Since the September 11 attacks, tighter U.S. visa requirements have taken a
heavy toll on the recruitment of foreign students to top American universities.
The 2003–04 academic year saw the first drop in the number of foreign
students on U.S. campuses in more than 30 years. Graduate schools have been
particularly hard hit, with three consecutive years of declining foreign enrollment.
But if foreigners can’t come to the campus, why not bring the campus to
foreigners?
In the fall of 2004, Carnegie Mellon University—which has the highest
proportion of foreign graduate students of any American university—opened
an undergraduate campus in Qatar. Lisa Krieg, director of the university’s
Office of International Education, says that “time will tell” if
Middle Eastern students choose to attend an American university in the Middle
East rather than a school in another Western country, such as Britain or Australia.
But other U.S. schools are opening in the region: Cornell and Texas A&M
also have satellite campuses in the Qatari sheikdom.

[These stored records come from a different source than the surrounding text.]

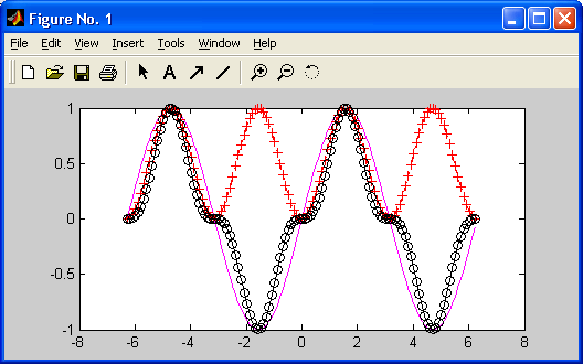 » plot(x,y1,'-m',x,y2.'-.+r',x,y3,'--ok')
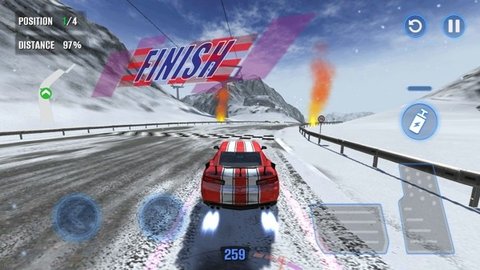 每个关卡的环境以及赛道都是不一样的,有时候可能会遇到雨雪天气道路非常的湿滑,玩家在这里一定要掌控赛车的平衡程度,这样才不会翻车。
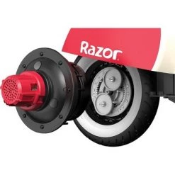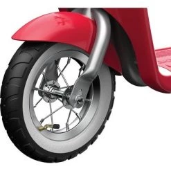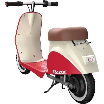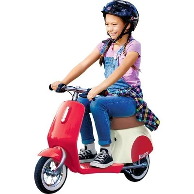Your kids are all about style, we know that. The Pocket Mod Petite is Razor’s smallest miniature Euro-style electric scooter designed for younger riders ages 7 and up. Razor’s Power Core 100-watt hub-driven motor delivers speeds up to 8 mph (13 km/h) and the 12V rechargeable battery provides up to 40 minutes of continuous ride time on a single charge. With the two-tone jewel box candy colored body, 10″ (255 mm) white wall pneumatic tires, color matching padded seat, twist-grip throttle control, and hand-operated brake, the ride on the vintage-inspired Pocket Mod Petite is as smooth as it is stylish.
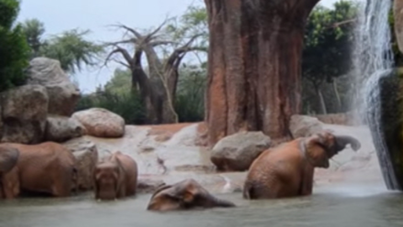 I stedet for at søge i dækning brugte Bioparc Valencias elefantfamilie det våde vejr til pjat og leg i “privat-poolen”.
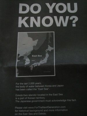 據(jù)《朝鮮日報》報道,韓國門戶網(wǎng)站Daum表示,用11萬余名網(wǎng)民募捐的資金,于25日(當?shù)貢r間)在《華盛頓郵報》刊登了整版的獨島廣告。廣告執(zhí)行者由徐景德?lián)危?月份在歌手金長勛等人的贊助下,在《紐約時報》刊登了獨島宣傳廣告“DO YOU KNOW?(你知道嗎)”。

U.S. universities aren’t setting up shop only in the Middle East. They
are also moving to China in an attempt to offset the dramatic decline in Chinese
applications to U.S. graduate programs. The current academic year, for example,
has seen a 45 percent drop in applications from the People’s Republic.

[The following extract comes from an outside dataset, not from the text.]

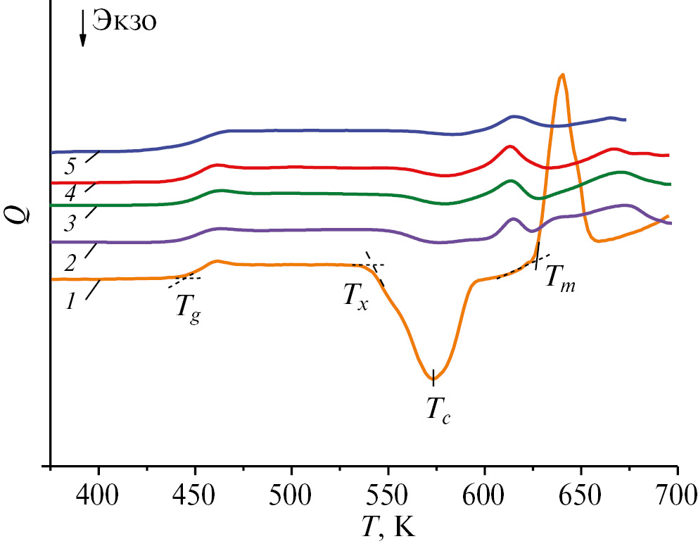 Характеристические температуры стекол. На кривых ДСК нагревания (рис. 1) исследуемых образцов обнаружены интервалы стеклования (расстекловывания), пики кристаллизации и плавления. Из положения указанных сигналов определены температура стеклования Tg, начала (Tx) и максимума (Tс) кристаллизации, начала плавления (Tm). Из значений характеристических температур рассчитаны общепринятые критерии кристаллизационной устойчивости [21]:

So, in 2003, Oklahoma City University opened up a degree-granting campus in
Beijing. Meanwhile, Arizona State is partnering with the Chinese government
to set up an MBA program in Shanghai. Madeleine Green, vice president of the
American Council on Education, thinks that private U.S. institutions will increasingly
experiment with overseas partnerships in an attempt to attract the best students.